Eddie Bauer Goes Back to Basics

For the past five years, Eddie Bauer “has been all over the place,” says senior vice president/chief marketing officer Engle Saez. The Redmond, WA-based apparel and home goods cataloger/retailer has been reinvented several times, only to see each effort perform worse than the previous one.

Even former vice chairman/president/CEO of Bauer parent firm Spiegel Martin Zaepfel admitted earlier this year that Bauer’s late ’90s/early 2000s more tailored selections seemed “merchandise you’d usually buy from Brooks Brothers, not Bauer.”

With Spiegel now under the pressure of the Chapter 11 status of Spiegel, Bauer is again tweaking its image — this time returning to its rugged roots. In early August, the company mailed 5 million copies of a fall “back-to-basics” looking book that likens the 2003 Bauer to the original 1920 rugged outdoor apparel store. To further reinforce the outdoors theme, the book even uses the original store’s Sport Shop logo on the catalog cover.

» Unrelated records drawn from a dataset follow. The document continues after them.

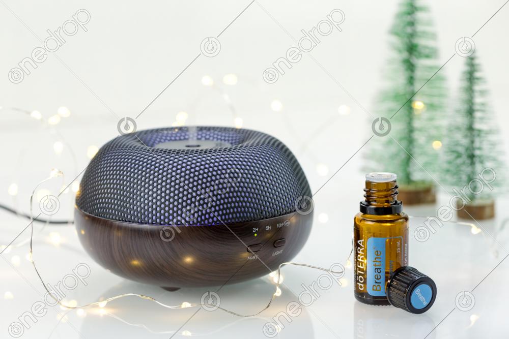 Bottle with essential respiratory blend Breath with misting diffuser Brevi on white
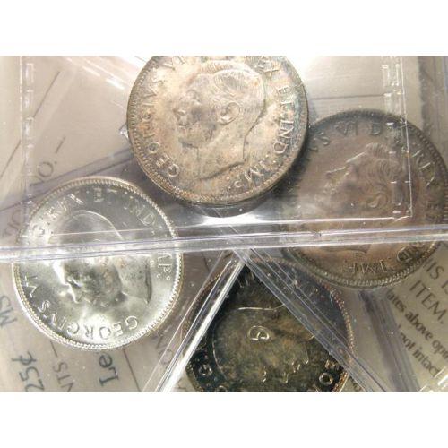 1943 and 1947 Maple Leaf two pieces, these three pieces all ICCS MS-64, one of the 1947s with a Rim Nick. Plus 1944 ICCS AU-50. Total four pale toned to light-medium toned pieces
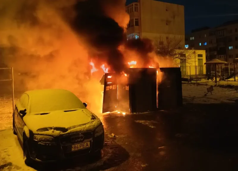 Incendiul, care a mistuit complet șase pubele, a pus în pericol bunurile aflate în vecinătate, inclusiv vehiculele rezidenților.
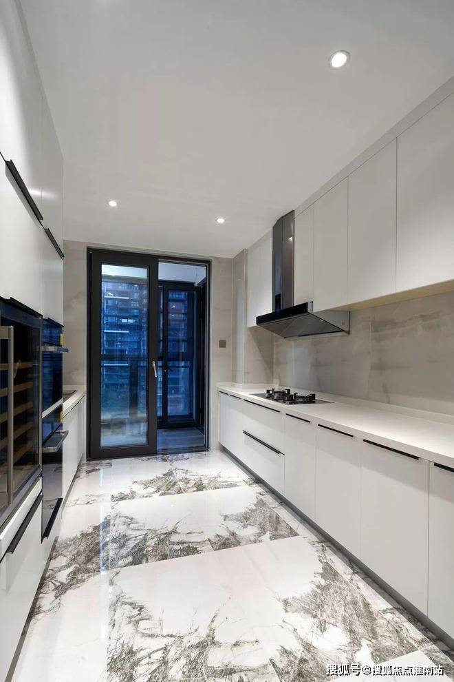 厨房延续了客厅的瓷砖没有做门槛石,恒温酒柜、蒸箱烤箱、洗碗机应有尽有,墙面的颜色和柜体都用了整体烤漆的白色,简单素雅。
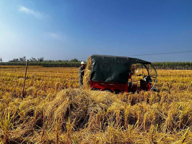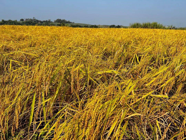 近日,宁明县海渊镇那明村香糯米喜获丰收。走在稻田中,随着微风拂过,浓浓的糯米香味扑鼻而来,沁人心脾……此时大地已成一片金黄,广大村民正抢抓农时收割香糯稻。
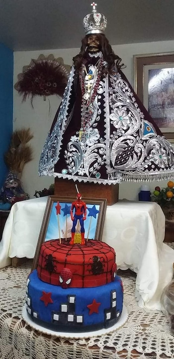 El esqueleto, de unos 50 cm de altura, fue heredado por otra familia de la comunidad, la cual se encargó de difundir el primer milagro, además de proporcionarle vestimenta y una corona. La primera impresión se puede asociar a una representación cultural del Niño Jesús, a diferencia de que se trata de un conjunto de huesos acomodados en una urna, con una peluca larga y ojos de cristal de color celeste. Se construyó una pequeña capilla a su nombre, donde curiosos llegaban a conocerlo.
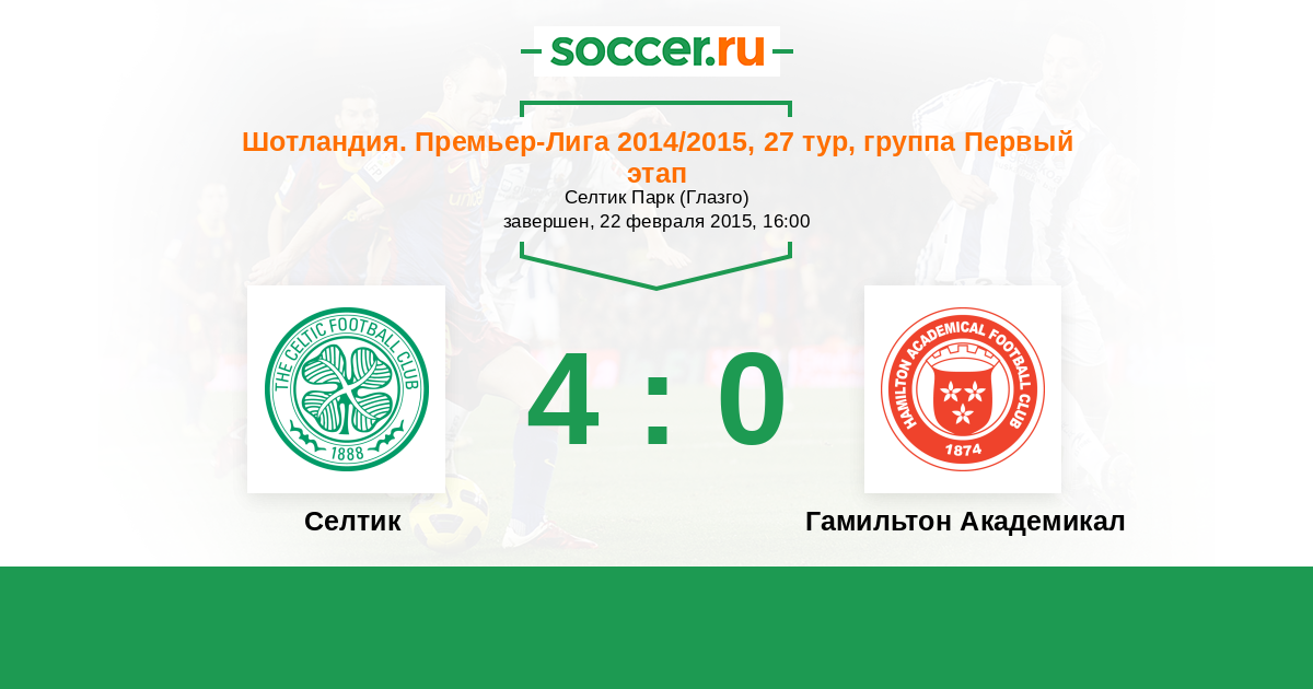 Шотландия. Премьер-Лига 25.02.2017 Селтик Логотип футбольный клуб Селтик (Глазго) 2:0 Логотип футбольный клуб Гамильтон Академикал Гамильтон Академикал

In the first weeks after the catalog dropped, results were “modestly above our modest projections,” Saez says. Consistent with the new look of the Eddie Bauer stores, Website, and ads, the catalog shows the old store logo, pictures of rugged looking low-profile models, and tries to maintain the level of ease of shopping — all while creating “a much higher degree of differentiation from our competitors,” he says.

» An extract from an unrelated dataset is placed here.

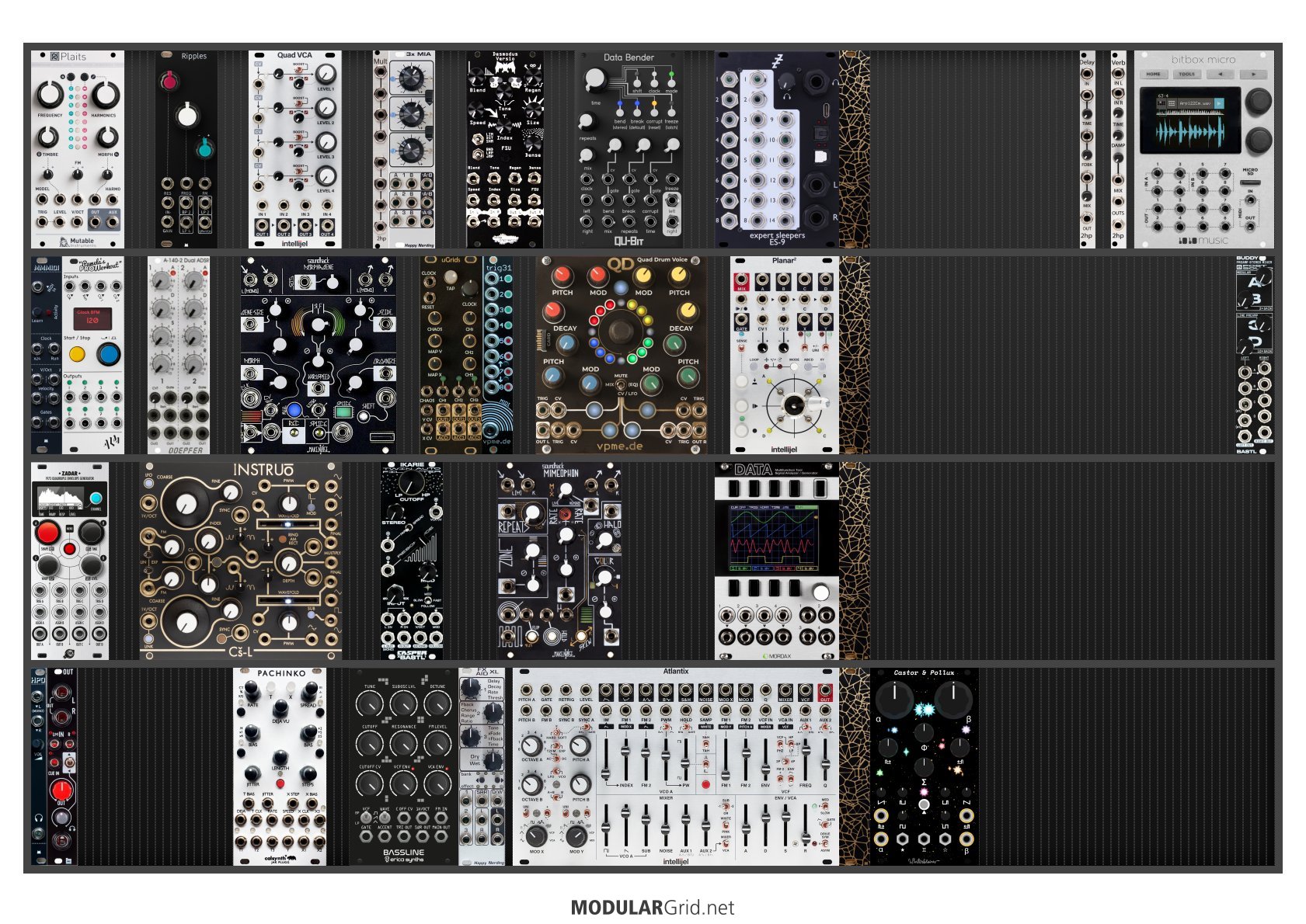 Power Consumption: 3191 mA +12V | 1253 mA -12V | 0 mA 5V | Depth: 50 mm | Price: $9,191 | Number of Modules: 36 | Data Sheet Achtung This Rack contains modules with incomplete power consumption specs: none

The book plays off Bauer’s signature blue jeans, promoting ruggedness, durability, and value. “For us, it goes back to what will make customers prefer or desire the Eddie Bauer brand vs. a J. Crew or a Lands’ End,” Saez says. “And we decided that the differentiator has to be overall quality and brand image, rather than price. So we’re using our catalog for style and distinction that comes through focusing on the heritage of the Eddie Bauer franchise.”

To accomplish its mission, Bauer infuses the catalog with more lifestyle photography, Saez says. Specifically, Bauer is trying to promote a brand started by “a real guy” who has 80-plus years of heritage. “We have to communicate the truth, a sense of reality, and the authenticity in our catalogs.”

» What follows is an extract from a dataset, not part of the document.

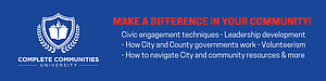 The CCU program educates emerging leaders on how to effectively engage residents in civic activities to vitalize and empower neighborhoods. Course topics include leadership development through civic engagement, volunteerism, voter education, how city and county governments function and impact neighborhoods, and how to effectively navigate City services and local resources. Course participants are challenged to devise civic engagement strategies based on the unique character, interests and needs of their neighborhoods.

At the heart of this “authenticity” is the Sport Shop brand. The company looked into its archives and found that the ruggedness of the original store dovetailed nicely with a Bauer collection of jeans and knit and woven tops that go with denim. “We found a perfect combination, a marketing handle that marries up to our premium quality merchandise that’s put together in the spirit of the Eddie Bauer sporting tradition of rugged casual,” Saez says.

But don’t look for Sport Shop brand jeans in the new catalog. “We couldn’t get to the jeans in time for the catalog,” Saez says. “We had a Sport Shop jean line in the making, but it didn’t make it into production because of the Chapter 11 situation.” The men’s jeans line, however, will come out in the spring. Bauer plans to test the women’s Sport Shop jeans line around that time, and hopes to roll it out next summer.

Stopping a sales slide

Long before Spiegel filed for Chapter 11 this past March, Eddie Bauer has been ripe for a turnaround. The division’s sales have fallen steadily, from $1.79 million in 1999 to $1.422 million in 2002. In a market already resplendent with rugged casualwear, it’s likely going to take more than lifestyle catalog photos and a new line of jeans to win back customers.

Eddie Bauer is “a work in progress,” Saez admits, noting that there’s no quick fix for the company’s woes. “We’ve taken customers on a joyride all over every possible marketing proposition you can imagine,” he says. “We have some work to do to regain the confidence of customers and to really settle in on what’s right for this brand.”